At this budget you can get a i7+980 [strike]if you can skip SSD.[/strike]

i7 4790 - 21k
Asus H97 E - 7.5K
HyperXFury 2x4GB - 5.5k
Zotac GTX 980 - 47k
Samsung EVO 850 128GB - 5k
Seasonic S12II 620W - 5.5k
NZXT Phantom 410 - 6k
WD Green 2 TB - 5.5k

TOTAL - 103k

But IMHO, GTX 980 isn't worth the extra 20k over GTX 970. Get a 970 and if you want, SLI when you feel you need to.


----------



## bssunilreddy (Feb 22, 2015)

Intel Xeon 1230v3 -16800,
Gigabyte H97M-D3H -7200,
Corsair Vengeance 8GB(4GBx2) 1600Mhz -6000,
WD Caviar Black 1TB -5800,
Samsung 840 EVO 250GB -9000,
Zotac GTX 980 4GB AMP Edition -44500,
Deepcool TESSERACT SW-3200,
Seasonic S12II 620w -6000,
Cooler Master Hyper TX3 EVO -1600.
TOTAL -1,00,100.

- - - Updated - - -



adityak469 said:


> At this budget you can get a i7+980 [strike]if you can skip SSD.[/strike]
> 
> i7 4790 - 21k
> Asus H97 E - 7.5K
> ...


WD Green 2 TB - 5.5k is not at all recommended as it has high rate of failure.


----------



## adityak469 (Feb 22, 2015)

bssunil said:


> Intel Xeon 1230v3 -16800,
> Gigabyte H97M-D3H -7200,
> Corsair Vengeance 8GB(4GBx2) 1600Mhz -6000,
> WD Caviar Black 1TB -5800,
> ...



forgot about Xeon. 
anyways OP, i5 4690<Xeon 1231<i7 4790. The difference is very minute, so Xeon would be the better choice.

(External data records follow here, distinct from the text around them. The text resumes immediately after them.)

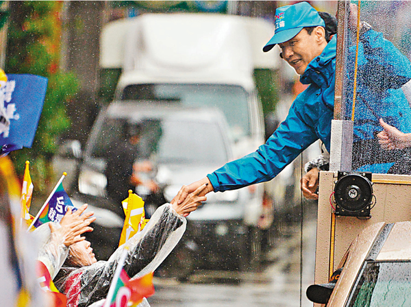 国民党“大选”候选人朱立伦(右)6日到新北市新店区车队扫街拜票,滂沱大雨无阻支持者的热情。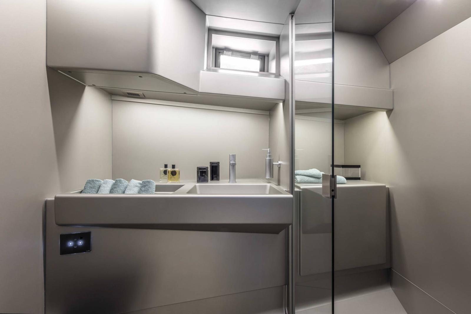 Douche confortable à l’arrière avec finition carbone (amovible)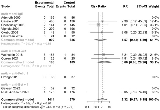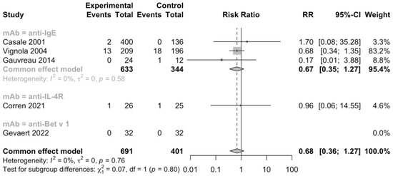 Forest plot of RCTs comparing rates of patients with urticaria subgrouped by type of mAb [20,21,22,23].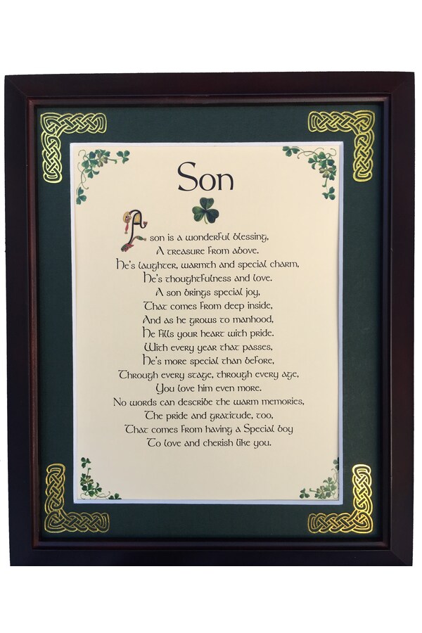Features - Our blessings are printed on ivory card, and are presented in a forest green matting with gold Celtic knots embossed on the corners. Set behind glass and displayed in a elegant dark walnut frame of Italian design. The backing has a hanger and an attached easel to allow for both wall and tabletop display. Each frame comes individually boxed in a bubble wrap sleeve.

also Xeon 1231 has been launched, don;t get 1230, and well I havent seen many WD Green failures 

- - - Updated - - -

and also why is everyone suggesting Deepcool Tesseract in a 100k rig?


----------



## HE-MAN (Feb 22, 2015)

- - - Updated - - -

and also why is everyone suggesting Deepcool Tesseract in a 100k rig?[/QUOTE]

for the same reason as you are suggesting wd 2 green hdd in 100k build


----------



## adityak469 (Feb 22, 2015)

HE-MAN said:


> - - - Updated - - -
> 
> 
> 
> ...


so according to your logic, if someone makes a mistake, everyone else should do it too? 
and the reason i suggested WD 2TB is because he is already buying a SSD for faster performance, and there's no WD Blue 2TB.


----------



## HE-MAN (Feb 22, 2015)

adityak469 said:


> so according to your logic, if someone makes a mistake, everyone else should do it too?
> and the reason i suggested WD 2TB is because he is already buying a SSD for faster performance, and there's no WD Blue 2TB.



you took it the wrong way. people tend to suggest deepcool tesseract coz its good and cheap if u dont the mind the looks. WD green HDD are pretty good hard drives, i dont know why people hate and also dont know about its failure rate. I using wd 1tb green hdd for 3 years now without any issue.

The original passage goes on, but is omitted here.